Town in Utah, United States

Dutch John is a town located in eastern Daggett County, Utah, United States, approximately 4 mi northeast of the Flaming Gorge Dam on U.S. Route 191. The population was 141 at the 2020 census.

==History==
The town (but a census-designated place before 2016) was platted and constructed beginning in 1957 by the United States Bureau of Reclamation to house workers working on the construction of Flaming Gorge Dam. After the dam's completion in 1964, Dutch John became home to a smaller number of dam maintenance and operations personnel, as well as employees of the National Park Service and United States Forest Service.

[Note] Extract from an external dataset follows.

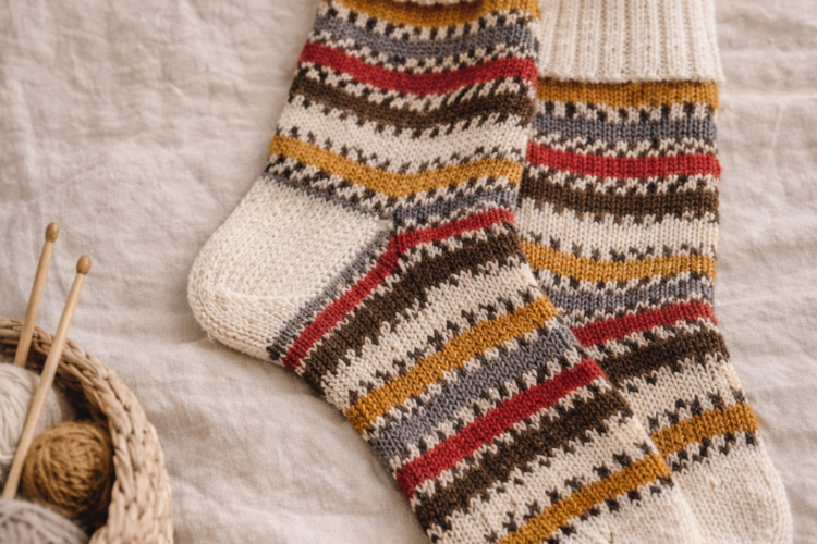 Diese Socken werden von oben nach unten in Runden gestrickt.

The Dutch John townsite and its buildings continued to be owned by the Bureau of Reclamation until 1998 when the town was privatized. Buildings were sold to individual landowners, and undeveloped land in the town was transferred to Daggett County. The county later completed a master plan for the Dutch John townsite and has begun offering parcels of land for sale to developers.

In July 2002, the human-caused Mustang Ridge fire burned approximately 22000 acre of pinyon/juniper forest near Dutch John. The fire caused damage to power transmission lines which were supported by wooden poles.

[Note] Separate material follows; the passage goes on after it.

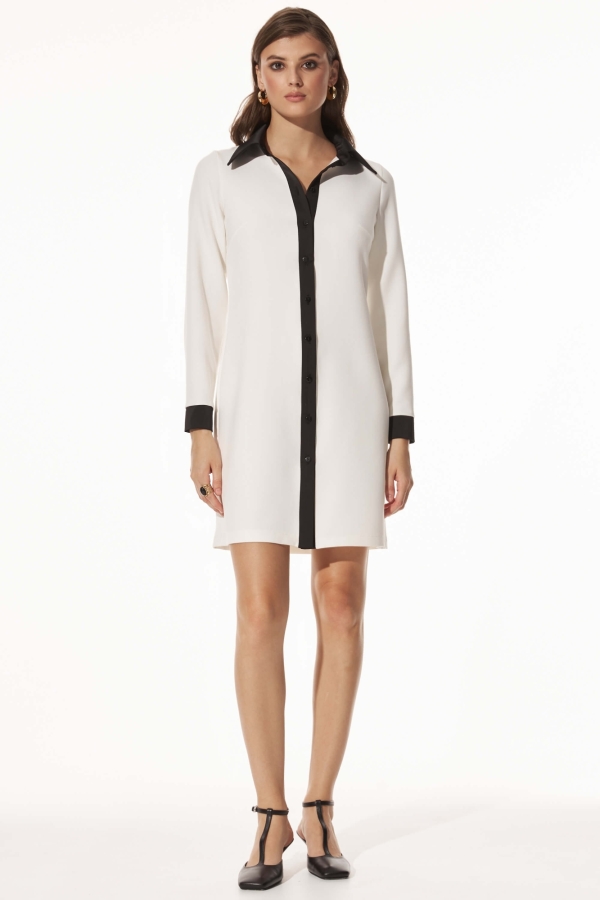 Платье из костюмной поливискозы с контрастной отделкой. Модель прямого силуэта. По переду застежка на петли и пуговицы. Контрастная отделка выполнена из атласа. По спинке рельефы для комфортной посадки.

During the peak years of construction activity at Flaming Gorge Dam, as many as 3,500 people lived in Dutch John.

In November 2014, the residents of Dutch John voted overwhelmingly to incorporate into a town. An election was held in June 2015, in which William Rogers was elected mayor; Ryan Kelly, Sandy Kunkel, Harriet Dickerson, and Dave MacDonald were elected as members of the Town Council. They took office, and the incorporation became official in January 2016. In the town's 2021 election, Sandy Kunkel was elected as mayor.

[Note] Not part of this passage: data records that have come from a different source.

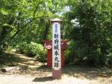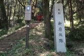 | 続100名城(23城目)。藤村記念館から車で35分程度で韮崎市民俗資料館に着きました。職員の方から「新府城と七理岩」のパンフレットで簡単な説明を受けました。新府城駐車場に向かっていたところ新府城址と刻まれた石碑と藤武神社鳥居がありました。その前に数台の駐車スペースがあったのでそこに停め石段を上り本丸跡へ向かいました。 |
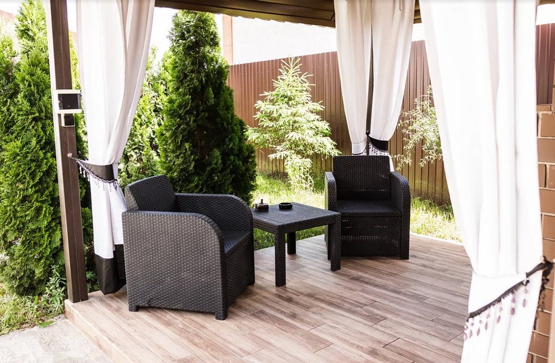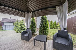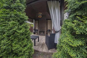 Рядом с банным комплексом расположена уютная летняя беседка с крышей — замечательное место, где можно наслаждаться свежим воздухом в любую погоду. В беседке с комфортом могут разместиться до восьми человек, чтобы провести время в приятной компании, наслаждаясь общением и отдыхом на природе.
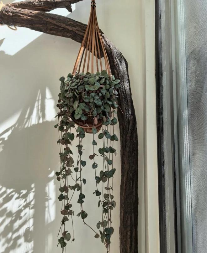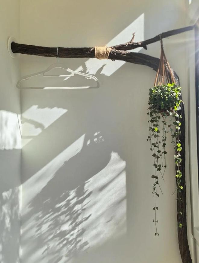 把外露的管道,给它一包,然后再来跟真的树枝,给它以假乱真,最后再来盆植物,来点生机。
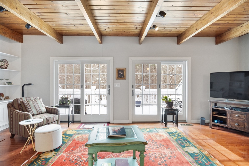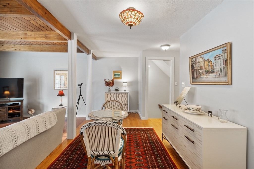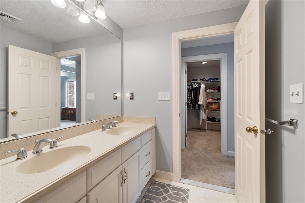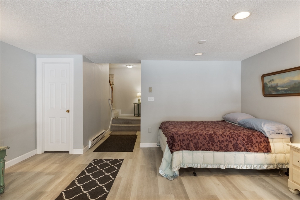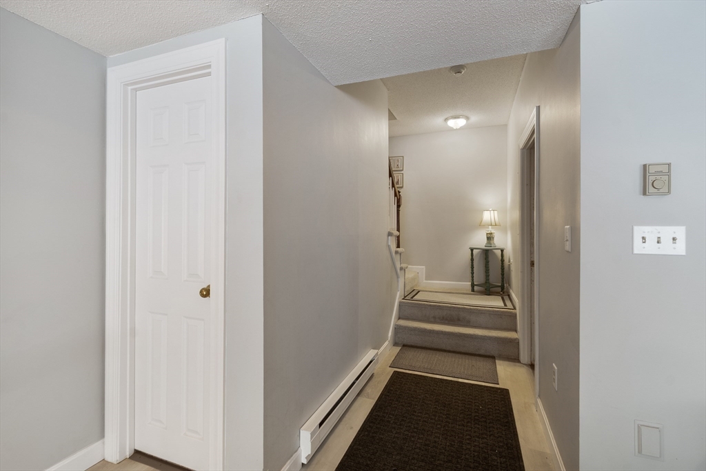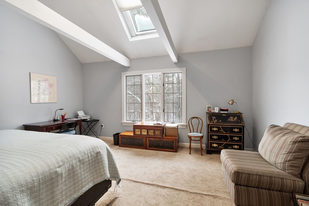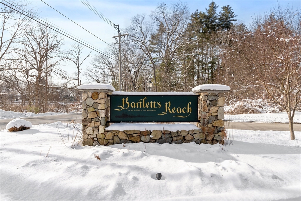 A rare offering in the desirable Bartlett's Reach. This well-maintained townhouse across from the Merrimack River features a well-equipped eat-in kitchen with pantry and a formal dining area overlooking a large sunken great room with a fireplace and glass doors opening to a private deck perfect for entertaining. The second floor has an oversized primary bedroom with ensuite bath, walk-in closet and cathedral ceiling with skylight. The generous second bedroom includes a wall of closets, full bath and a stairway leading to a walk-up attic. A spacious lower level boasts a fireplace, built-ins, new flooring, direct access to a private patio, or use as an office and/or guest room. There is a large storage room which includes mechanicals on this level. Other features include a garage space and full-sized w/d off the kitchen. The beautifully maintained Bartlett's Reach offers amenities including a clubhouse, inground pool, tennis and pickleball courts, walking paths, mooring rights and more.

A resort within the town is host to the world's largest fishing fly. It is over three tons in weight and is over 32 feet long.

==Demographics==

As of the census of 2010, there were 145 people living in the CDP. There were 105 housing units. The racial makeup of the town was 97.2% White, 0.7% American Indian and Alaska Native, 1.4% Asian, and 0.7% from two or more races. Hispanic or Latino of any race was 1.4% of the population.

Historical population
| Census | Pop. | Note | %± |
| 2010 | 145 |  | — |
| 2020 | 141 |  | −2.8% |
U.S. Decennial Census

==Climate==
Large seasonal temperature differences typify this climatic region, with warm to hot (and often humid) summers and cold (sometimes severely cold) winters. According to the Köppen Climate Classification system, Dutch John has a humid continental climate, abbreviated "Dfb" on climate maps.